James Madison Papers

To James Madison from William Grayson, 14 October 1785

From William Grayson

New York Octob. 14th. 1785.

Dear Sir.

I have recieved your letter dated at Philada. & shall forward the in-closure to France in the manner you direct.1 Since your departure, we have been under great anxiety for the fate of Mr. Hardy. On a party to Haerlem heights about ten days ago, he unfortunately bursted a blood vessel, and from frequent hemorrhages, has been in extreme danger till about three days ago, when matters have taken rather a more favorable turn. He has requested me to inform you of his desire to get a seat in the executive Council if practicable, as he thinks the climate of his own country will be more suitable to the situation of his health. He is the more anxious to have this done, as it is not only his own opinion but that of his Physicians, that he will never from the nature of the complaint, be proper for the bar; or indeed for any kind of violent public speaking. He desires you will do him the favor of shewing this to the Speaker & taking such measures as you may deem adviseable.2

Nothing new has taken effect since you left this, except that Congress have had information of war being declared by the regency of Algiers agt. these U. S. I am afraid the information is too true: however I will write you again on this subject, the moment the news is confirmed in such a manner as to admit of no doubt.

The suspicion here is that our friends the Brittish have done us this favor in order to make it indispensably necessary for us to imploy their vessels. Perhaps the Spaniards on making peace with the Algerines might wish that their arms might be turned agt. us. The Secy. for foreign affairs is for war with these pirates; but I cannot see the policy of this, & think we had better follow the scandalous example of the European powers, & make peace with them as soon as we can.3

Nothing has transpired from Adams, respecting the subject we were talking of, since you left this.4

The Report of the Secy. for foreign affairs, respecting Consuls has been recommitted, & he has made another report, principall[y] recommending the vesting the American Ministers with Consular Powers—& giving them extensive limits, where they will have deputies.5 I shall be obliged to you to let me know as soon as you can conveniently what are your sentiments respecting the price of the Western lands: is a dollar too high all circumstances considered?

By a letter from Colo. Monroe we are informed there are not above 80 families settled on the lands of the U. S.—& these have agreed to go off when Colo. Harmer shall direct them & that the Geographer & Surveyors have left Pittsburgh to execute the Ordinance.6 From yr. Affect. friend & Most Obed Servt.

Willm. Grayson

RC (DLC). Cover missing. Docketed by JM. The enclosures appear to have been letters from JM and Eliza House Trist to the Jefferson household in Paris.

1Grayson was replying to a letter from JM which has not been found. JM’s enclosed letter for forwarding to France was doubtless the message to Jefferson of 3 Oct. 1785.

2Samuel Hardy died on 17 Oct. 1785.

3Jay reported the Algerine declaration on 13 Oct. 1785. Speculating on the positive effects of a war on the U. S., Jay favored naval action against the pirates (JCC description begins Worthington Chauncey Ford et al., eds., Journals of the Continental Congress, 1774–1789 (34 vols.; Washington, 1904–37). description ends , XXIX, 833–34).

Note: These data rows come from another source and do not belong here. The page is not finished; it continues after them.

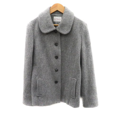 【中古】ブラマーレ bramare ステンカラーコート ショート ダイアゴナルストライプ アンゴラ混 9 グレー レディース
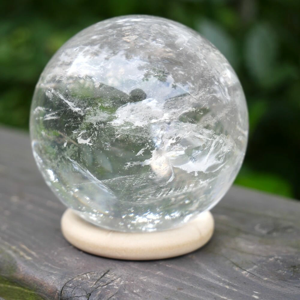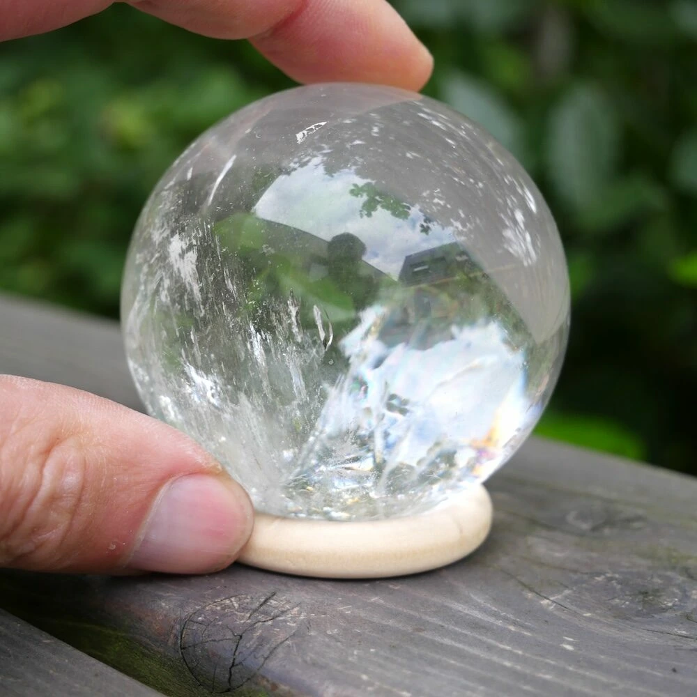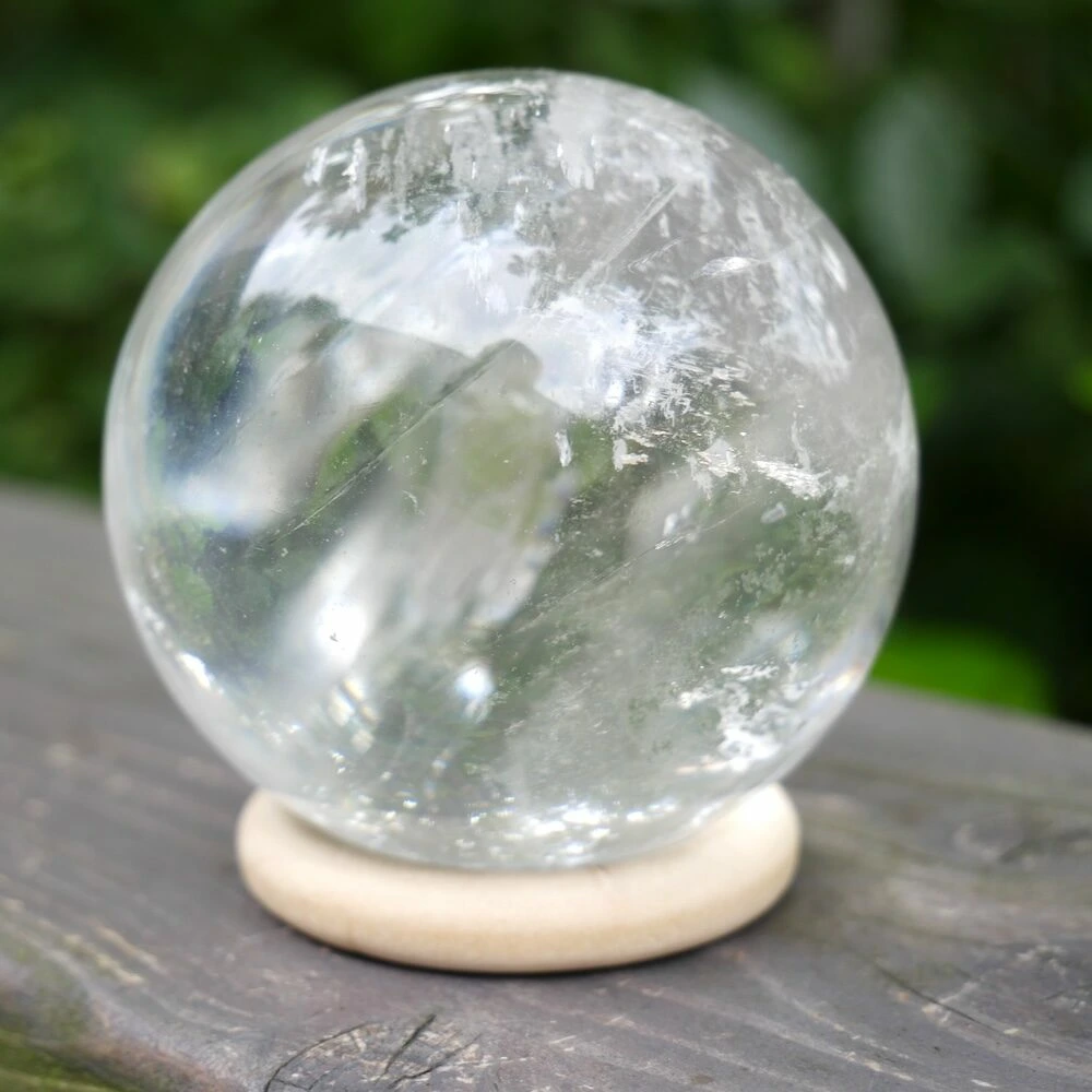 Fraaie A-kwaliteit bergkristal bol met een diameter van 68mm op een houten ring. Deze bergkristal bol komt uit Brazilië en heeft een fraaie heldere en ronde energie die je 3e oog opent en je energie hoog houdt. Je ontvangt de bergkristal bol van de foto.
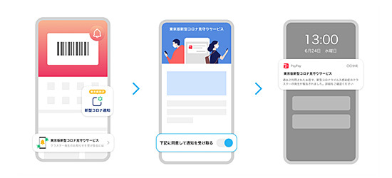 ユーザーはPayPayアプリでクラスター発生情報の通知を許諾すると、ユーザーがPayPayを使って決済した東京都内の加盟店舗で新型コロナのクラスターが発生した場合、決済履歴に基づいて店舗名やクラスター発生日時などの情報を知らせてくれる。
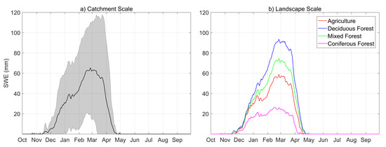SWE simulations at the (a) catchment and (b) landscape scale. The grey envelope in (a) illustrates the inter-annual variability for the 1996–2019 period.
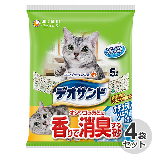 ケース / 国産 デオサンド オシッコのあとに香る砂 ナチュラルソープ 5L × 4袋 猫砂 ネコ砂 鉱物系 ベントナイト 消臭 瞬間消臭 しっかり固まる せっけんの香り オシッコのあとに香りで消臭する砂 日本製 トイレ サンド 固まる ユニ・チャーム ユニチャーム

4Grayson’s comment on his letter of 8 Nov. 1785 makes it clear that “the subject” under discussion was the continental debt.

5Jay’s first and highly critical report on the French consular convention, sent to Congress in July 1785, had a wide distribution. See Washington to JM, 22 Oct. 1785. Jay’s second report is dated 13 Oct. 1785. The business dragged on until Jefferson negotiated a new convention in 1788 (Burnett, Letters description begins Edmund C. Burnett, ed., Letters of Members of the Continental Congress (8 vols.; Washington, 1921–36). description ends , VIII, 347 n.).

6No letter from Monroe which included this information is mentioned in the Journals. Congress reiterated its need for funds on 27 Sept., and the delegates present regarded the sale of western lands as necessary for a reduction of the domestic debt (JCC description begins Worthington Chauncey Ford et al., eds., Journals of the Continental Congress, 1774–1789 (34 vols.; Washington, 1904–37). description ends , XXIX, 771). Squatters had to be moved so that the sale could proceed.